Plaintiffs' attorneys estimate total damages could reach approximately $2.6 billion, with $2.1 billion allocated to investors who sold Twitter stock during the class period and an additional $500 million for option holders. The damages were calculated on a share-by-share basis depending on when investors sold their positions.

Mark C. Molumphy, a lead attorney for the plaintiffs, told the Daily Journal that the verdict represents "a significant victory for both Twitter investors and public markets," establishing that even powerful executives must adhere to securities laws when communicating publicly.

The legal overhang comes at a challenging time for Tesla, whose shares have already declined 26% this year. The company currently trades at $367.96, down from its 52-week high of $498.83, despite maintaining a market capitalization of $1.43 trillion. Analysts remain broadly bullish, with a consensus price target of $421.61 representing 14.5% upside from current levels, according to market data compiled March 20.

Investor concern centers on Musk's ability to fund the potential judgment without selling Tesla shares. The chief executive controls approximately 13% of Tesla's outstanding stock, a stake valued at roughly $185 billion at current prices. While the $2.6 billion potential liability represents a small fraction of his wealth, historical precedent shows Musk has previously sold Tesla shares to meet financial obligations, including a $20 million settlement with the Securities and Exchange Commission in 2018 over his "funding secured" tweets.

Musk's legal team at Quinn Emanuel Urquhart & Sullivan LLP signaled they will appeal the verdict, characterizing the decision as "a bump in the road" in a statement reported by CNBC. The attorneys noted that the jury rejected plaintiffs' claims that Musk's posts were part of a broader scheme to depress Twitter's stock price and cleared him of liability for one of three allegedly false statements.

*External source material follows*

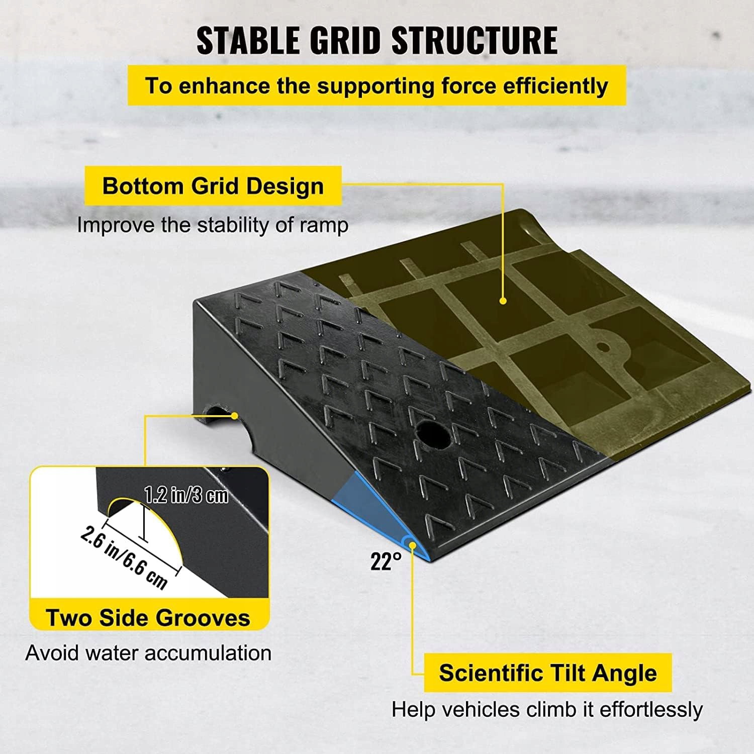 Antypoślizgowa tekstura: powierzchnia tej rampy do krawężnika ma antypoślizgową teksturę, która może zwiększyć tarcie i zapobiec ślizganiu się dla większego bezpieczeństwa, a także ma dobry efekt antypoślizgowy w deszczowe lub śnieżne dni. Poszerzony rowek u podstawy każdej rampy do krawężnika może przepuszczać wodę, aby zapobiec gromadzeniu się wody na ziemi w deszczowe dni

The jury found no evidence that Musk intentionally manipulated Twitter's share price downward to renegotiate the acquisition at a lower price, narrowing the scope of liability compared to what plaintiffs had sought. However, the finding of securities fraud for misleading statements nonetheless carries significant financial and reputational consequences.

Analysts at Wedbush, led by Dan Ives, have previously noted that ongoing legal battles create "sustained overhang" for Tesla shares, even when the financial impact on Musk's personal wealth appears manageable. The Twitter verdict adds to existing legal pressures, including a Delaware court challenge to Musk's $56 billion compensation package that could ultimately reach the Supreme Court.

The verdict arrives as Tesla faces fundamental business challenges. Revenue declined 3.1% year-over-year in the most recent quarter, while earnings per share fell 60.6%. The company's price-to-earnings ratio of 358.77 remains elevated compared to traditional automakers, reflecting investor expectations for future growth despite current headwinds.

The appeal process could take 18 to 24 months to complete, according to legal experts, meaning the stock may face extended volatility as the case progresses. Until the appeal is resolved, Musk and his companies will operate under the uncertainty of a multi-billion dollar judgment hanging over the Tesla chief executive's personal finances.

For Tesla shareholders, the verdict underscores the concentration risk inherent in a company whose market value remains closely tied to the fortunes and decisions of a single executive. While the electric vehicle manufacturer has made strides in diversifying its leadership and operations, Thursday's selloff demonstrates that Musk's legal entanglements continue to move the stock.